**Material for this exercise:**
+++

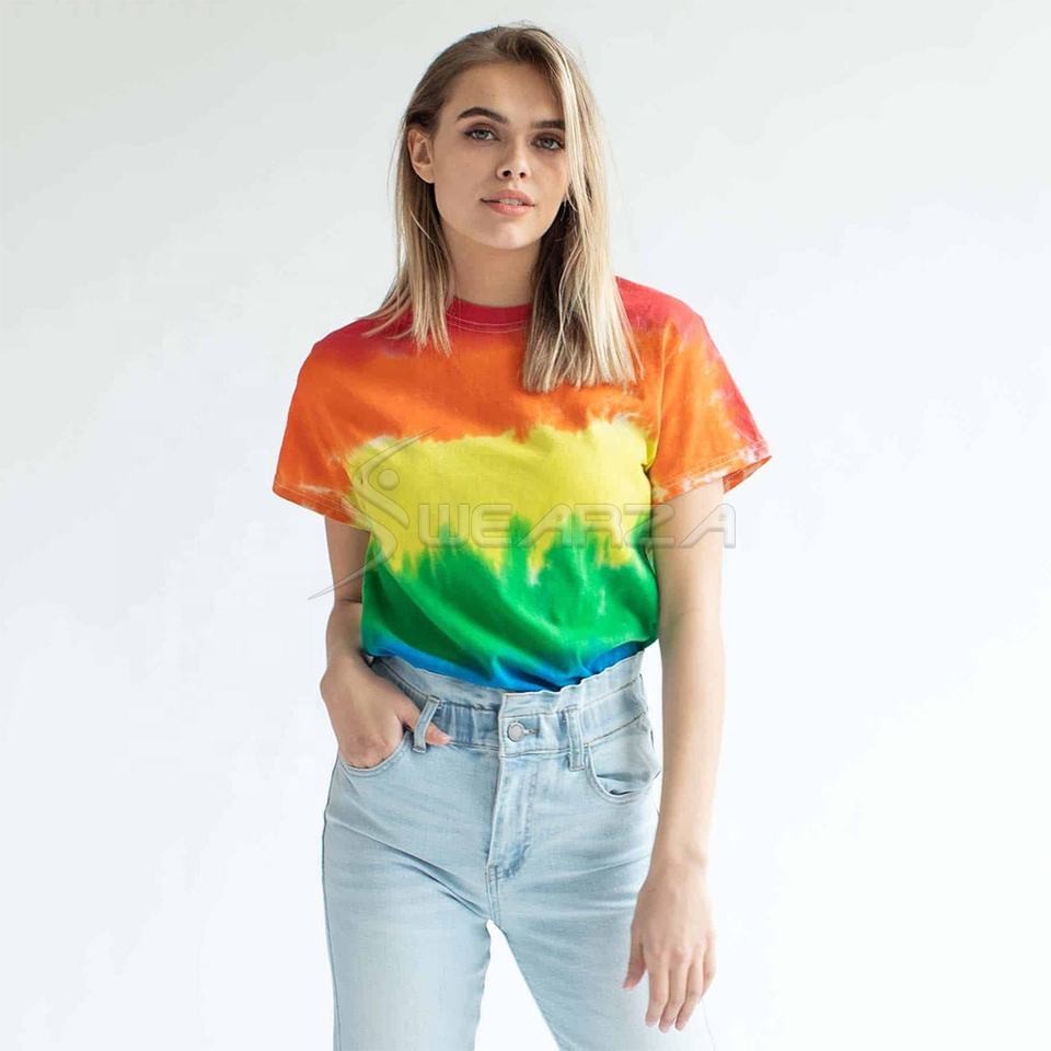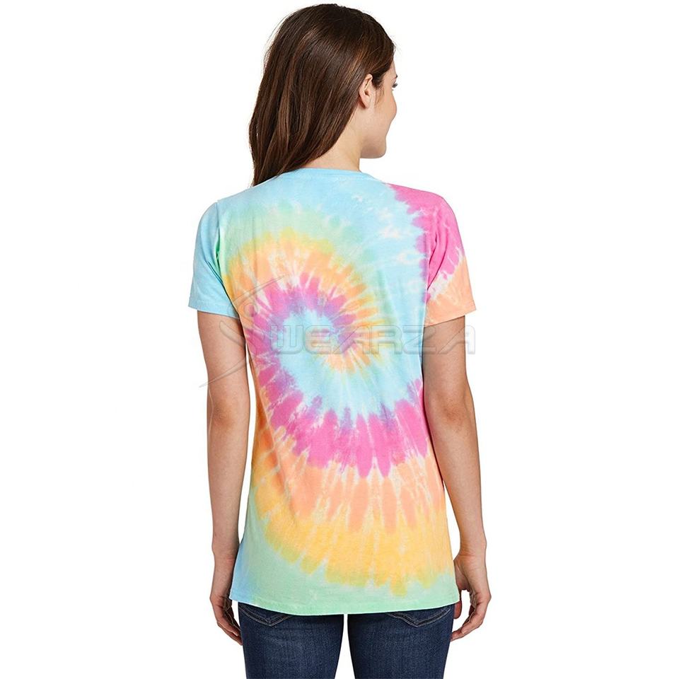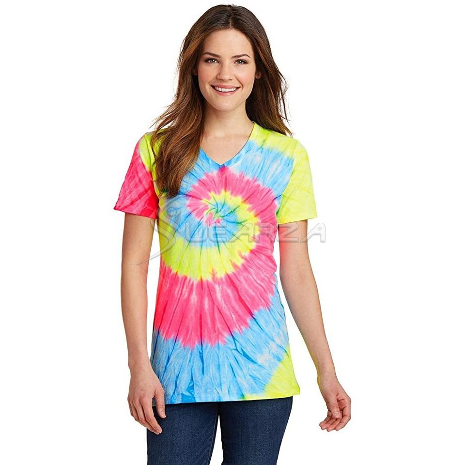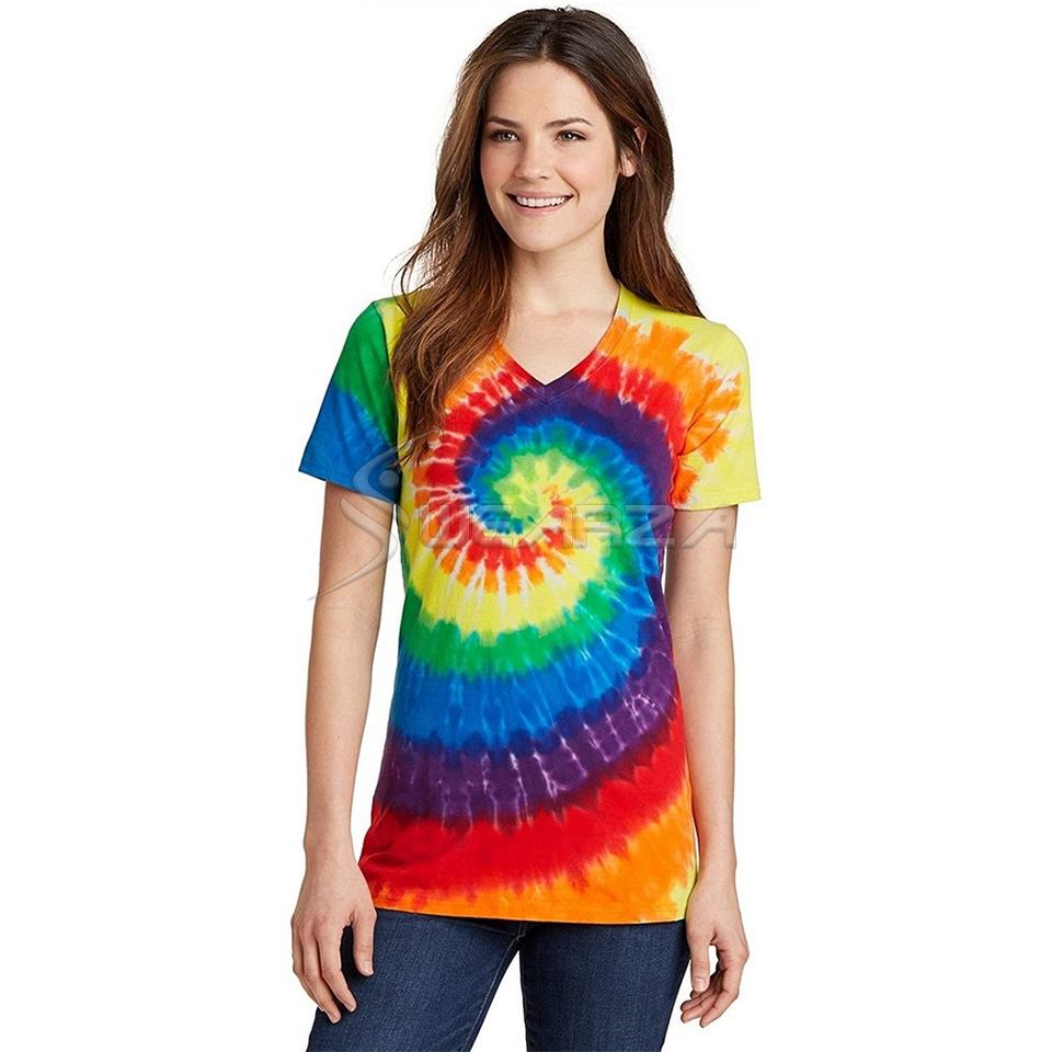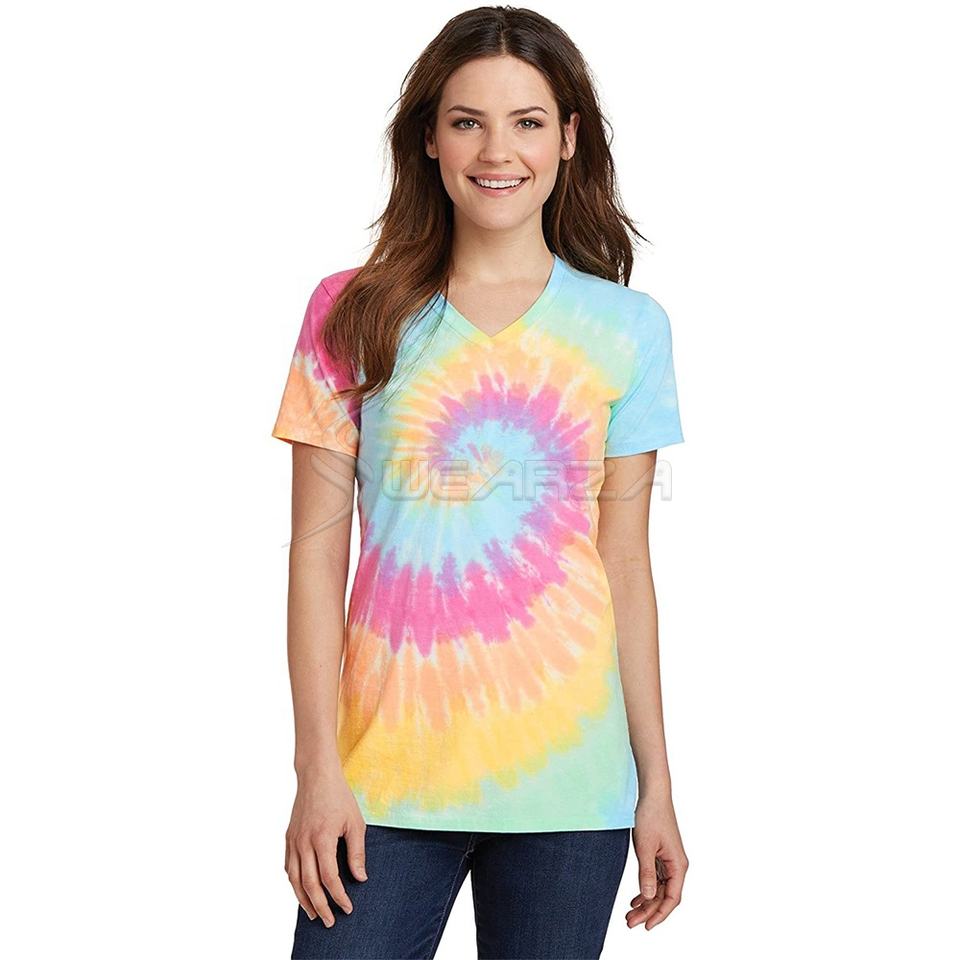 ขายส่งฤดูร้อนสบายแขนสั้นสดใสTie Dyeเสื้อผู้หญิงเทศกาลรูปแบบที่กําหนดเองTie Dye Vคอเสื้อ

+++

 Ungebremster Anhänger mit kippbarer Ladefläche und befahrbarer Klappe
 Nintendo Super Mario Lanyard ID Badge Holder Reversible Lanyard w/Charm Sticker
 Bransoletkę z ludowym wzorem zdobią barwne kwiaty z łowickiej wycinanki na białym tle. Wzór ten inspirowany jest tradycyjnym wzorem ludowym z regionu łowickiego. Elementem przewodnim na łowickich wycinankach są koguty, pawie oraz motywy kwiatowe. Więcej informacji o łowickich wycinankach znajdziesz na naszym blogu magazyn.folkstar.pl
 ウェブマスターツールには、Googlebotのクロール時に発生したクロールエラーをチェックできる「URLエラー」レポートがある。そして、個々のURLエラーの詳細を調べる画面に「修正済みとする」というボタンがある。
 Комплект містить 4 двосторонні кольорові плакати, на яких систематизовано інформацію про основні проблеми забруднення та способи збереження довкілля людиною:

+++

**Problem description:** Working from the records above, write out verbatim only the lines from the line containing "Ungebremster Anhänger mit" through the line containing "Bransoletkę z ludowym".

**Answer section:**
 Ungebremster Anhänger mit kippbarer Ladefläche und befahrbarer Klappe
 Nintendo Super Mario Lanyard ID Badge Holder Reversible Lanyard w/Charm Sticker
 Bransoletkę z ludowym wzorem zdobią barwne kwiaty z łowickiej wycinanki na białym tle. Wzór ten inspirowany jest tradycyjnym wzorem ludowym z regionu łowickiego. Elementem przewodnim na łowickich wycinankach są koguty, pawie oraz motywy kwiatowe. Więcej informacji o łowickich wycinankach znajdziesz na naszym blogu magazyn.folkstar.pl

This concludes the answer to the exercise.